Orthoptera (grasshoppers, crickets and katydids) are considered one of the best taxa for the ecological evaluation of the habitat quality and management of grasslands (Kruess and Tscharntke 2002, Batáry et al. 2007, Fartmann et al. 2012). Due to their utility as bioindicators, special attention is paid to the group in practical nature protection (Noss 1990, Pearson 1994, Déri et al. 2007, Bazelet and Samways 2011). Mowing changes the vertical structure of vegetation, which plays a decisive role in the organization of orthopteran assemblages (Joern 1979, Guido and Chemini 2000). Cutting of the vegetation triggers a marked change in its nutritional value (Smith and Capinera 2005) and microclimatic conditions (Stebaev and Nikitina 1976), affecting the habitat potential for orthopterans.

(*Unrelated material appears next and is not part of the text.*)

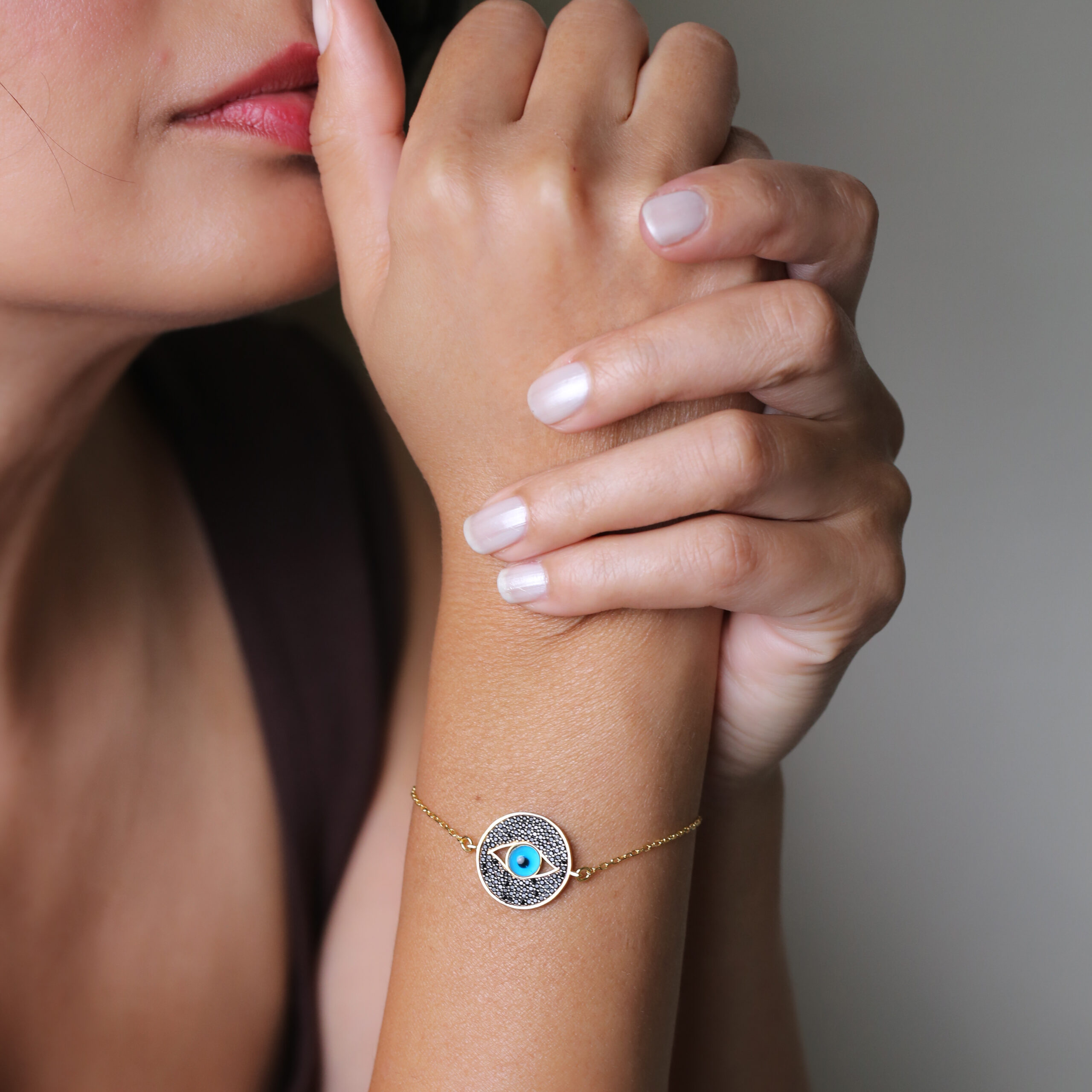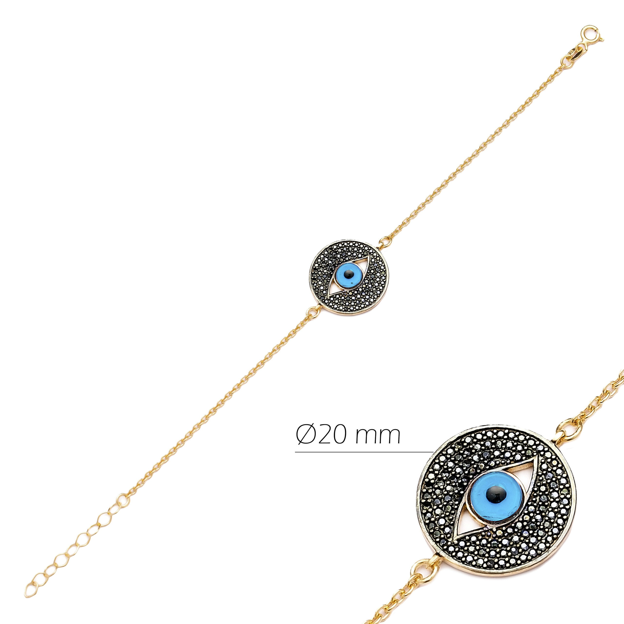 Bracelet talisman Nazar en argent 925 doré or 16k, pavé de zircons noirs avec perle turquoise centrale. Protection élégante et design néo-ottoman.

In addition, mowing significantly increases the exposure of individuals to predation (Belovsky and Slade 1993, Braschler et al. 2009). Mowing changes the conditions in a direct way for those species that lay their eggs on the vegetation (Gardiner and Hassall 2009). Indirect effects include microclimatic conditions becoming unfavourable, particularly for those species that lay their eggs in the ground (Stoutjesdijk and Barkman 1992, Wingerden et al. 1992).

It is clear therefore that the method, frequency and date of mowing are all basic factors influencing the presence and the current population size of orthopteran species, as well as the development of the structure of orthopteran assemblages, both in the short and the long-term (Buri et al. 2013). Previous studies found that the mowing operation of grasslands itself has a temporary negative impact on orthopterans as a result of mortality and the loss of plant production (Gardiner and Hill 2006, Gardiner and Hassall 2009, Humbert et al. 2010, Rada et al. 2014). In the medium and the long term, however, species richness, diversity and density of assemblages is highest if regular mowing is applied (Marini et al. 2009), and lowest if the meadow is abandoned (Nagy and Kisfali 2007). Extreme and frequent mowing has a negative effect on both the abundance and the species richness of orthopterans (Marini et al. 2008, Buri et al. 2013).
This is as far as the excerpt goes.